Nuclear energy is one of the pillars of Korea’s long-term energy and climate strategy, with a target for nuclear to provide a minimum of 30% of the energy mix in 2030. Today, 26 reactors of 26 gigawatts (GW) of installed capacity provide about a third of electricity. To support its goals, Korea has built a highly skilled workforce in the nuclear energy sector, enabling the country to strengthen its position as a global player. It exports its technology widely. Research and development (R&D) efforts in the nuclear sector focus on building the country’s nuclear technology base to support exports. Small modular reactors (SMRs) are a major focus of its efforts. Korea should leverage its existing knowledge, technical expertise and manufacturing capacity to support the development a national industrial complex for the construction and demonstration of SMRs. With a focus on demonstrating both SMR manufacturing and operation for an end-use industrial case application, the country could look to showcase efficient SMR manufacturing.
Low-emissions hydrogen is widely seen as a potential solution for decarbonising hard-to-abate industrial sectors where alternatives are limited. Korea was one of the first countries to launch a hydrogen roadmap (in 2019), which focuses mainly on the transport, buildings and power sectors. Nonetheless, the adoption of low-emissions hydrogen is some way off and Korea must overcome several challenges if it is to fully realise its potential. Korea should clarify the policy instruments needed to increase use of hydrogen in hard-to-abate sectors such as industry and heavy-duty transport. It should also create clear and transparent rules on building, owning and operating hydrogen pipelines and import terminals. Investors and project developers need clear and stable regulatory frameworks; without timely buildout of infrastructure, the link between hydrogen supply and demand is broken, leading to uncertainty and stunted market growth.
Korea’s power system is isolated, lacking interconnections with neighbouring countries; therefore maintaining the reliability and stability of the system is a challenge. The planned expansion of nuclear power and variable renewable energy (VRE) sources alongside the planned phase-out of coal-fired power will have major implications for the operation of the electricity system as the stable and reliable supply of electricity is becoming more important for major industries such as semiconductors and data centres.
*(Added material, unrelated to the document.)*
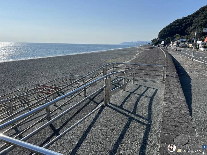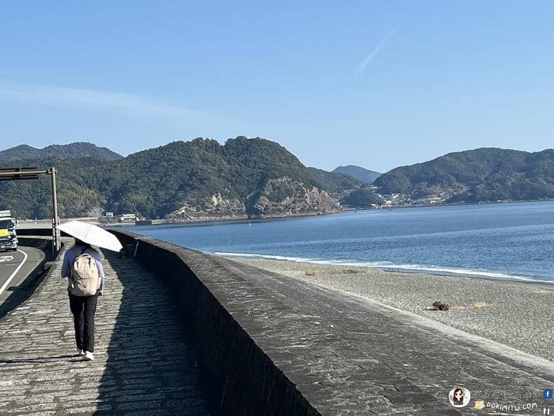 隨後,出了「花窟神社」,沿著海岸往北,我們走在濱街道(七里御濱)上。

In the power sector, energy storage, particularly battery storage, contributes to electricity security by stabilising the grid, meeting peak load demands and facilitating the integration of increasing amounts of VRE. A Development Strategy for the Energy Storage Industry was announced in October 2023, and in July 2025, Korea launched its first Energy Storage System Central Contract Market. Korea aims to boost the global competitiveness of lithium battery-based energy storage systems (ESS) and develop non-lithium, long-duration energy storage technologies. Using large-scale batteries, Korea aims to stabilise the grid during periods of high demand while smoothing out fluctuations in VRE supply. While using battery storage can add capacity to the system, investment in the technology is limited, as battery storage is unable to participate in the wholesale electricity market, offer ancillary services or contribute to grid congestion management. Korea should establish a clear roadmap for the expansion of the centralised contract market to the mainland based on lessons learnt from recent trial projects on Jeju Island.